◆ PROBLEM
Images should be omitted while the rest of the data is duplicated exactly.

◆ DATASET EXCERPT
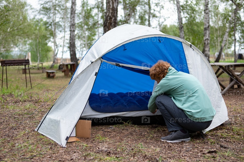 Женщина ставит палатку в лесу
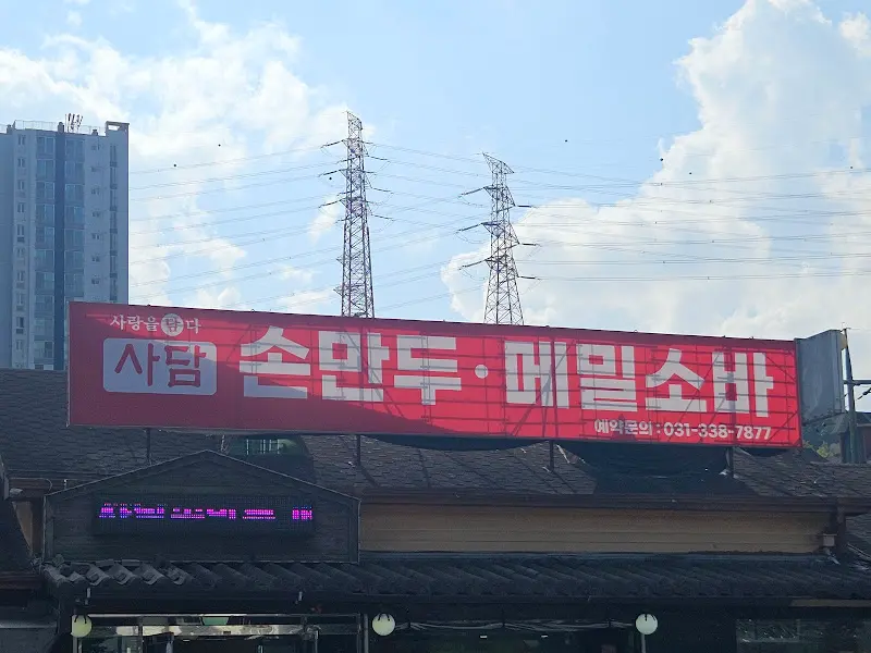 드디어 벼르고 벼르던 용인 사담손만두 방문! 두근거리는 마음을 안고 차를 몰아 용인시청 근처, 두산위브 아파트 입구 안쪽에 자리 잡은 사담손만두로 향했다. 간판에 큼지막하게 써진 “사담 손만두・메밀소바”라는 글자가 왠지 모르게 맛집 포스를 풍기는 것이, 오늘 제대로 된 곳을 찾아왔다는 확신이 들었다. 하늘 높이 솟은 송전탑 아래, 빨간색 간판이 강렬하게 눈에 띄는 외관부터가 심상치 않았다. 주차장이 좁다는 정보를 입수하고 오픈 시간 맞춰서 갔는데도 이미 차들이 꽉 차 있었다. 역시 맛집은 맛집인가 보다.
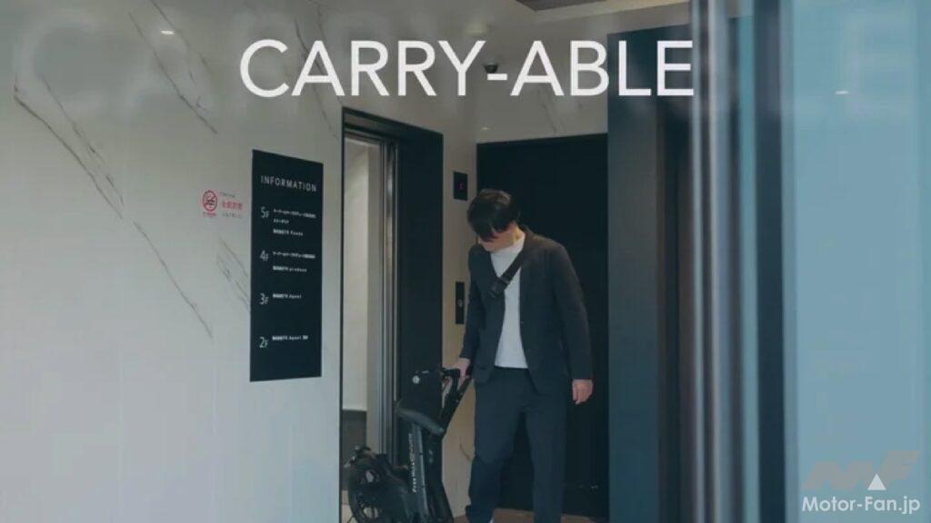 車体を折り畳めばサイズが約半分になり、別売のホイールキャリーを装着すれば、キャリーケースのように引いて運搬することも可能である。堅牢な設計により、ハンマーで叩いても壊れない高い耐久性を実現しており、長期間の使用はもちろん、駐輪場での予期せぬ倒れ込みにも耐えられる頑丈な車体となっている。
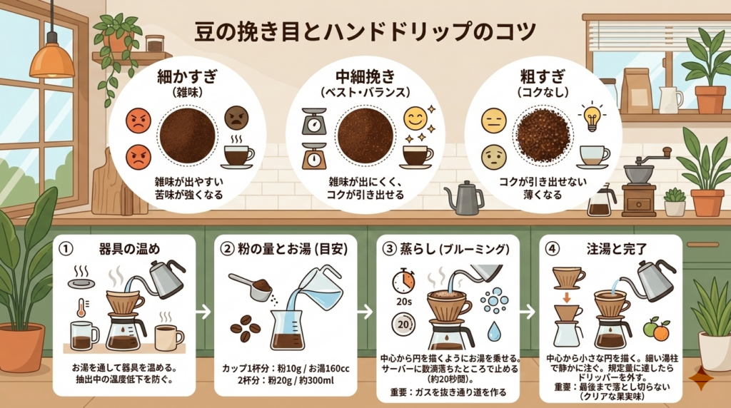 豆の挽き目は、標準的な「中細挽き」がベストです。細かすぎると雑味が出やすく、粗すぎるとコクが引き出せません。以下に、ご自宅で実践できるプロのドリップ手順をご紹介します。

◆ WORKED SOLUTION
 Женщина ставит палатку в лесу
 드디어 벼르고 벼르던 용인 사담손만두 방문! 두근거리는 마음을 안고 차를 몰아 용인시청 근처, 두산위브 아파트 입구 안쪽에 자리 잡은 사담손만두로 향했다. 간판에 큼지막하게 써진 “사담 손만두・메밀소바”라는 글자가 왠지 모르게 맛집 포스를 풍기는 것이, 오늘 제대로 된 곳을 찾아왔다는 확신이 들었다. 하늘 높이 솟은 송전탑 아래, 빨간색 간판이 강렬하게 눈에 띄는 외관부터가 심상치 않았다. 주차장이 좁다는 정보를 입수하고 오픈 시간 맞춰서 갔는데도 이미 차들이 꽉 차 있었다. 역시 맛집은 맛집인가 보다.
 車体を折り畳めばサイズが約半分になり、別売のホイールキャリーを装着すれば、キャリーケースのように引いて運搬することも可能である。堅牢な設計により、ハンマーで叩いても壊れない高い耐久性を実現しており、長期間の使用はもちろん、駐輪場での予期せぬ倒れ込みにも耐えられる頑丈な車体となっている。
 豆の挽き目は、標準的な「中細挽き」がベストです。細かすぎると雑味が出やすく、粗すぎるとコクが引き出せません。以下に、ご自宅で実践できるプロのドリップ手順をご紹介します。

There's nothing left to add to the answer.